Genetic Architect: Discovering Genomic Structure with Learned Neural Architectures

Each human genome is a 3 billion base pair set of encoding instructions. Decoding the genome using deep learning fundamentally differs from most tasks, as we do not know the full structure of the data and therefore cannot design architectures to suit it. As such, architectures that fit the structure of genomics should be learned not prescribed. Here, we develop a novel search algorithm, applicable across domains, that discovers an optimal architecture which simultaneously learns general genomic patterns and identifies the most important sequence motifs in predicting functional genomic outcomes. The architectures we find using this algorithm succeed at using only RNA expression data to predict gene regulatory structure, learn human-interpretable visualizations of key sequence motifs, and surpass state-of-the-art results on benchmark genomics challenges.

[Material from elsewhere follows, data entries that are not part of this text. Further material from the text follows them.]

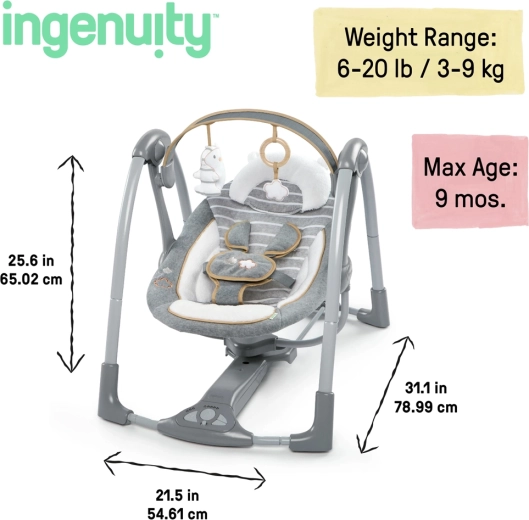Ingenuity Bella Teddy est une balancelle de voyage conçue pour le confort de bébé et la simplicité pour les parents. Grâce à la technologie Hybridrive, les piles durent plus longtemps, tandis que le capteur de poids maintient automatiquement la vitesse de balancement choisie à mesure que l’enfant grandit. Le design neutre convient aussi bien aux filles qu’aux garçons et en fait un excellent cadeau de naissance.
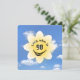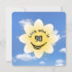 Eine Grafik mit weißer Blume mit leuchtendem Sonnenschein, Lächeln und Augenbrauen auf blauem Himmelshintergrund für eine 90. Geburtstagsfeier. Alle Texte können geändert werden.
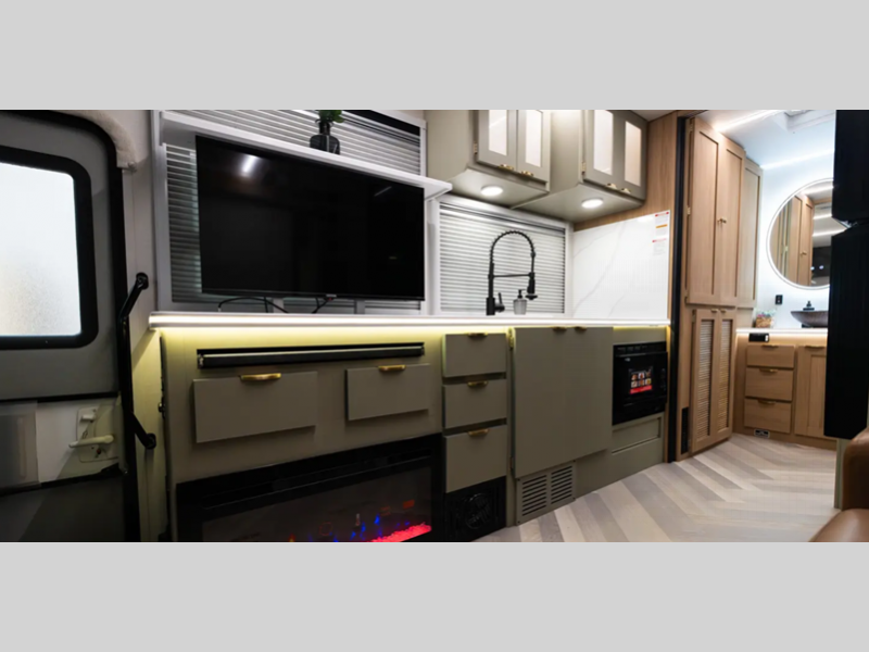 Each is built with an automatic 9G-Tronic transmission, and includes lane assist, attention assist, and adaptive cruise control for safety on the highways and in town. Some of the exterior features include upgraded MorRyde cargo doors, an armless awning, a rear fiberglass cap, and integrated fiberglass running boards. Inside you'll enjoy solid surface countertops with lit edge banding, an upgraded kitchen sink and faucet, a soft touch ceiling, and more comforts!

GradNets: Dynamic Interpolation Between Neural Architectures

In machine learning, there is a fundamental trade-off between ease of optimization and expressive power. Neural Networks, in particular, have enormous expressive power and yet are notoriously challenging to train. The nature of that optimization challenge changes over the course of learning. Traditionally in deep learning, one makes a static trade-off between the needs of early and late optimization. In this paper, we investigate a novel framework, GradNets, for dynamically adapting architectures during training to get the benefits of both. For example, we can gradually transition from linear to non-linear networks, deterministic to stochastic computation, shallow to deep architectures, or even simple downsampling to fully differentiable attention mechanisms. Benefits include increased accuracy, easier convergence with more complex architectures, solutions to test-time execution of batch normalization, and the ability to train networks of up to 200 layers.